Lindsay Mitchell: Increased cash hand-outs reduce incentive to work


Seems obvious to you and I, but a fact that the Left has long resisted. Their response is always to indignantly insist, "...people want to work."

But MSD doesn't necessarily agree. At least the actuarial arm which produces an annual Benefit System Performance Report.

Below is a graph tracking exit rates among Jobseeker-Work Ready (JS/WR) beneficiaries. The associated commentary notes that recent exit rates are lower than during the GFC!

But notice also the bold type sentence below the graph. Paying those JS beneficiaries with children MORE has reduced their exits off welfare.


This slowing exit rate is further broken down into with or without children:

The report goes on to state:
 Establishing causality is difficult, though the widening of the gap appears to correlate with the introduction of the Child Material Hardship Package (CMHP) in April 2016. Benefit rates were increased by $25 for families as part of this package. 
It then speculates:
 Changes to the accommodation supplement from 1 April 2018 could have similar effects, although accommodation supplement is also available to low income families.
It doesn't mention the significant increase to Family Tax Credits (including the Best Start $60 weekly baby bonus) from July 2018 but presumably the same applies.

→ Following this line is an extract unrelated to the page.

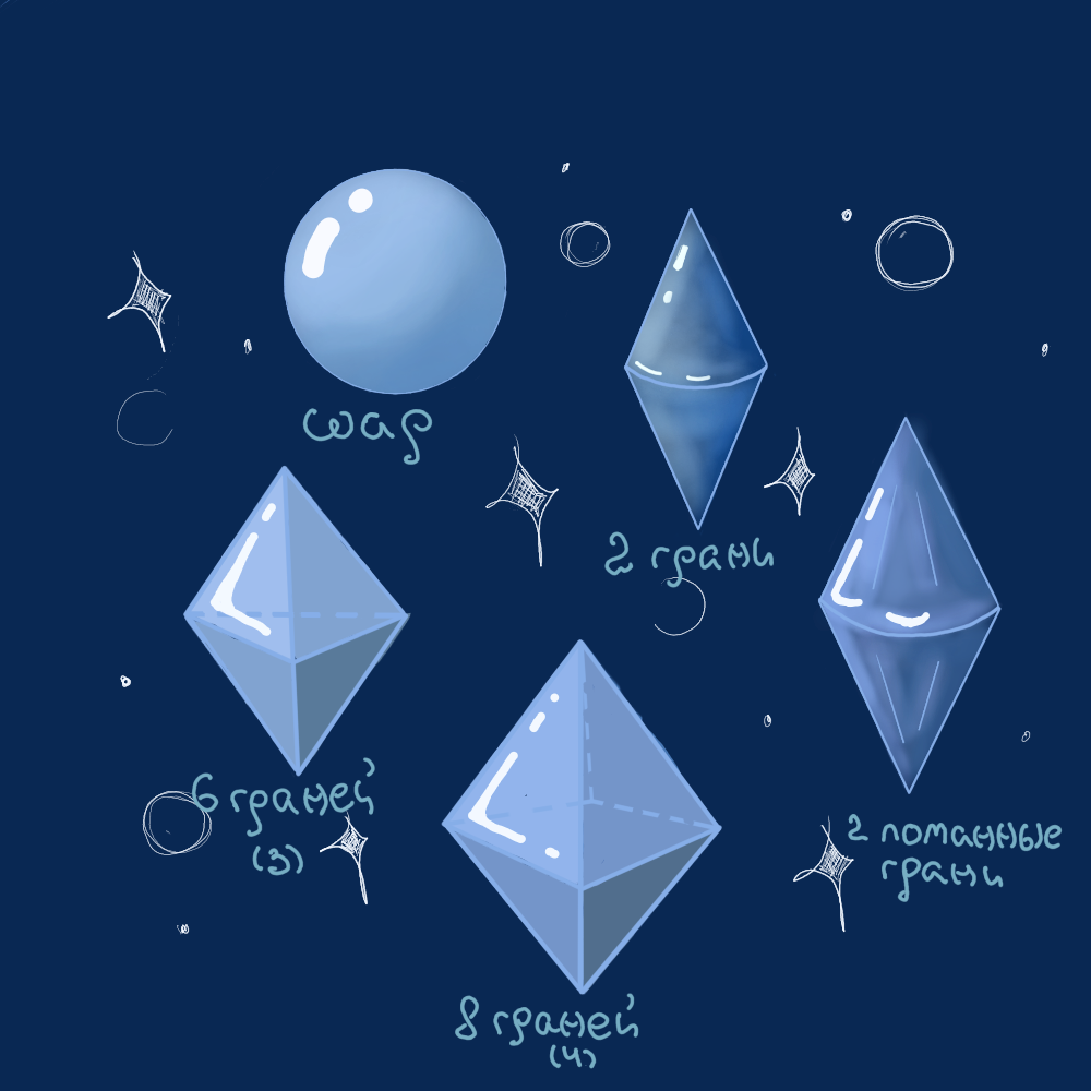 В моих мирах всего 5 видов душ. От вида зависит то, сколько душа сможет впитать, сохранить и передать силы своему хозяину. Сила впитывается через ребра многогранника, а отдается через 2 самые узкие вершины. В основном душа впитывает свет, однако при темных трещинах начинает впитывать и тьму, пускай и в малых количествах.
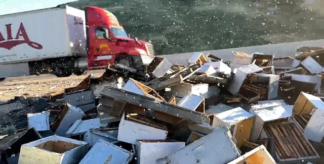 Масштабное ДТП: в США было выброшено около 1 миллиона пчел на шоссе (видео)

Further into the performance report comes another gem of commonsense:
IRRS is more generous than AS and can act as a poverty trap.
This means that Income Related Rents - whereby the state house tenant only ever pays a fixed percentage of his income - is a more generous subsidy than paying part of a tenant's rent in the private sector. 

The "poverty trap" describes what happens when the tenant is disincentivised to improve his income (through employment) because he will lose a substantial portion in increased rent. It's similar to the disincentive Child Support imposes. Not infrequently the two disincentives coincide.

There is a very real concern that state housing turnover has slowed up considerably due at least in part to this 'generosity' (causing lengthening waiting lists and recourse to emergency accommodation.)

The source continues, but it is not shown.